--- DATA TO PROCESS Enclosed Below ---
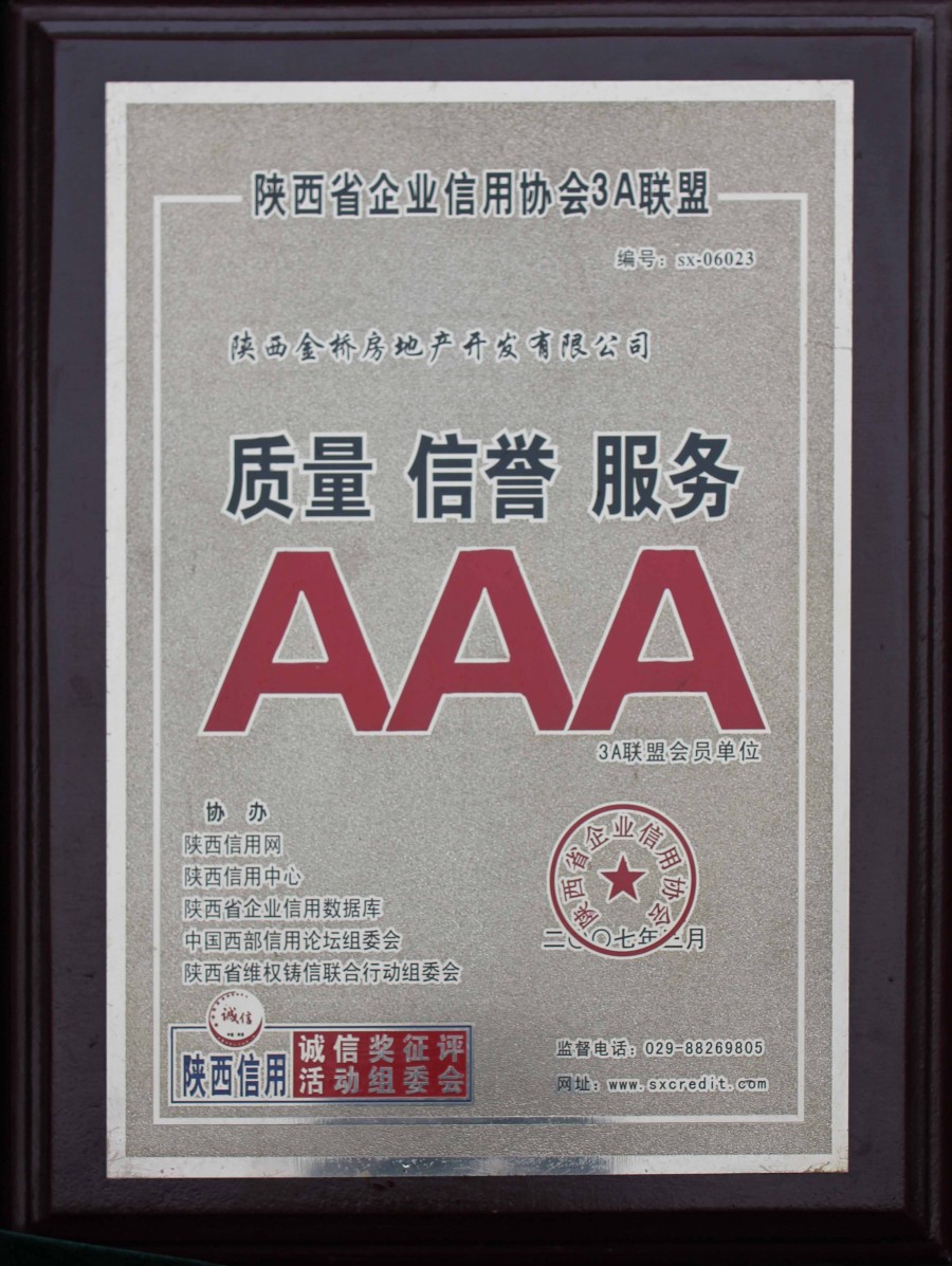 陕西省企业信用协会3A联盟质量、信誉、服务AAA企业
--- End of Enclosed DATA TO PROCESS ---
--- DATA TO PROCESS Enclosed Below ---
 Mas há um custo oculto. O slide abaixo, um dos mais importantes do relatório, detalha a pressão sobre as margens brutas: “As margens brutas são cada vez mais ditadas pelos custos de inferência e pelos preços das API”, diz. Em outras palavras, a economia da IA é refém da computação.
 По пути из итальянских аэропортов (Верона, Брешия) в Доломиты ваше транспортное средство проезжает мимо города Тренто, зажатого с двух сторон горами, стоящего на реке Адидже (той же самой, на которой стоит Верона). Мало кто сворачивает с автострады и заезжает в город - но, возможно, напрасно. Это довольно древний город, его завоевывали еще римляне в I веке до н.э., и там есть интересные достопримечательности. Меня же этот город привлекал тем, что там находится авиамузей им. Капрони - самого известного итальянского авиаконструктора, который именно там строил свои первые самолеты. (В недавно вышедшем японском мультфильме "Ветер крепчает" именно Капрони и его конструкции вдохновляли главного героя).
--- End of Enclosed DATA TO PROCESS ---
--- DATA TO PROCESS Enclosed Below ---
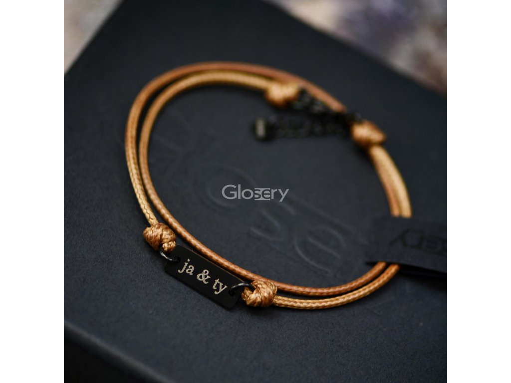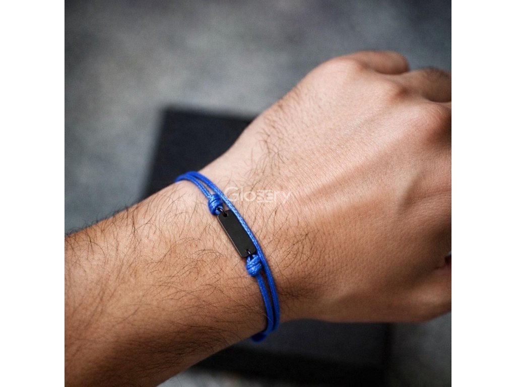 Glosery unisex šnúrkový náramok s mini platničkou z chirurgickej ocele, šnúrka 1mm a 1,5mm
--- End of Enclosed DATA TO PROCESS ---
_AIM OF THE TASK_
Take the lines above from the one containing "Mas há um custo" to the one containing "По пути из итальянских" and retype them exactly, both ends included, with nothing added.

_SOLVED PROBLEM_
 Mas há um custo oculto. O slide abaixo, um dos mais importantes do relatório, detalha a pressão sobre as margens brutas: “As margens brutas são cada vez mais ditadas pelos custos de inferência e pelos preços das API”, diz. Em outras palavras, a economia da IA é refém da computação.
 По пути из итальянских аэропортов (Верона, Брешия) в Доломиты ваше транспортное средство проезжает мимо города Тренто, зажатого с двух сторон горами, стоящего на реке Адидже (той же самой, на которой стоит Верона). Мало кто сворачивает с автострады и заезжает в город - но, возможно, напрасно. Это довольно древний город, его завоевывали еще римляне в I веке до н.э., и там есть интересные достопримечательности. Меня же этот город привлекал тем, что там находится авиамузей им. Капрони - самого известного итальянского авиаконструктора, который именно там строил свои первые самолеты. (В недавно вышедшем японском мультфильме "Ветер крепчает" именно Капрони и его конструкции вдохновляли главного героя).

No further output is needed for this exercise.